- Born: January 1, 1967 Iraq
- Died: July 12, 2007 (aged 40) Baghdad, Iraq
- Cause of death: 30 mm armor-piercing shell
- Occupations: Driver and camera assistant
- Employer: Reuters
- Children: 4

= Saeed Chmagh =

Iraqi Reuters employee killed by U.S. forces (1967-2007)

Saeed Chmagh (سعيد شماغ) (January 1, 1967 – July 12, 2007) was an Iraqi employed by Reuters news agency as a driver and camera assistant. He was killed, along with his colleague Namir Noor-Eldeen, by American military forces in the New Baghdad district of Baghdad, Iraq, during an airstrike on July 12, 2007.

==Life and career==
Chmagh was born January 1, 1967, in Iraq.

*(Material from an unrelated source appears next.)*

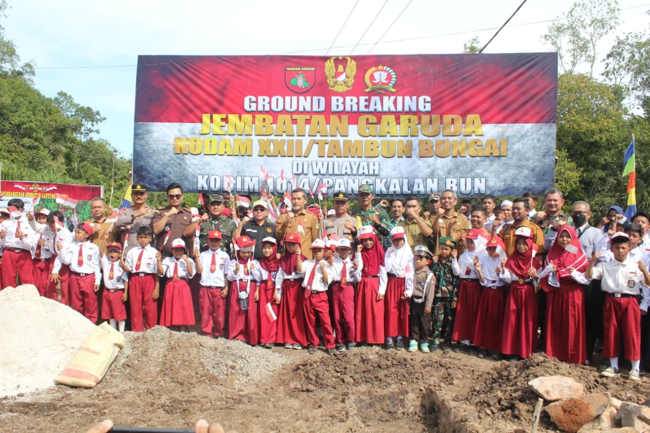 Sukamara – Komandan Kodim 1014/Pbn, Letkol Inf Makin, menghadiri acara ground breaking untuk pembangunan Jembatan Garuda yang berlokasi di Desa

He joined Reuters before the United States-led invasion in 2003. With 4 children of his own, he financially supported his family and another three through his work. Chmagh also supported his sister's family after insurgents killed her husband.

Chris Helgren, then Reuters' chief photographer in the region, launched a plan to employ and train Iraqis, with more local knowledge and access to areas now perilous for Westerners. Helgren said: "There are few 'good news' stories to be had in this war and wars by definition are tales of violence. And to get there, drivers like Saeed Chmagh are indispensable." "Saeed had a reputation of being fiercely loyal and appeared fearless to me. If you ever needed to get quickly to a dangerous area, passing chicanes of barbed wire and boobytraps, Saeed was your man. But he also had a very quiet, loving side and spoke often of his kids."

==Airstrike and death==

On July 12, 2007, after several skirmishes in the area, two American AH-64 Apache helicopters observed a group of people milling around on a street in Baghdad. Believing the group to be the armed Iraqi insurgents who earlier engaged U.S. soldiers nearby, the Apache fired on them. About 5 minutes later an unmarked black van arrived, owned by a man who was taking his son to school. Two other men arrived and assisted the severely-injured Chmagh (who was at that moment engaged in dragging himself over the ground in order to reach cover) and carried him to the van. The observing helicopter crews requested and received permission to engage, before they opened fire on the van and its occupants. Two young children in the van were severely wounded by the shooting. Chmagh, and Reuters photojournalist, his long-time friend Namir Noor-Eldeen, were among those killed in the attacks. Chmagh was 40 years old at the time of his death. Chmagh and Noor-Eldeen were the fifth and sixth Reuters employees killed in Iraq since the 2003 U.S.-led invasion began. The Army's report includes pictures of various weapons found near the bodies at the scene.

After their deaths, Reuters screened a photographic tribute to Noor-Eldeen and Chmagh in New York City's Times Square and London's Canary Wharf. The shootings and their deaths are detailed in a 2009 non-fiction book by David Finkel, titled The Good Soldiers.

==Video release==

For more than three years after the shooting, Reuters and other organizations sought probes into the deaths of Noor-Eldeen and other journalists killed in Iraq, but the U.S. military withheld key information on the grounds that it was classified. The military also refused to release a video taken from one of the gunships that captured the complete sequence and radio communication during the shootings. On April 5, 2010, the video was released on the website WikiLeaks, which said it acquired the video from military whistle-blowers and viewed it after breaking the encryption code.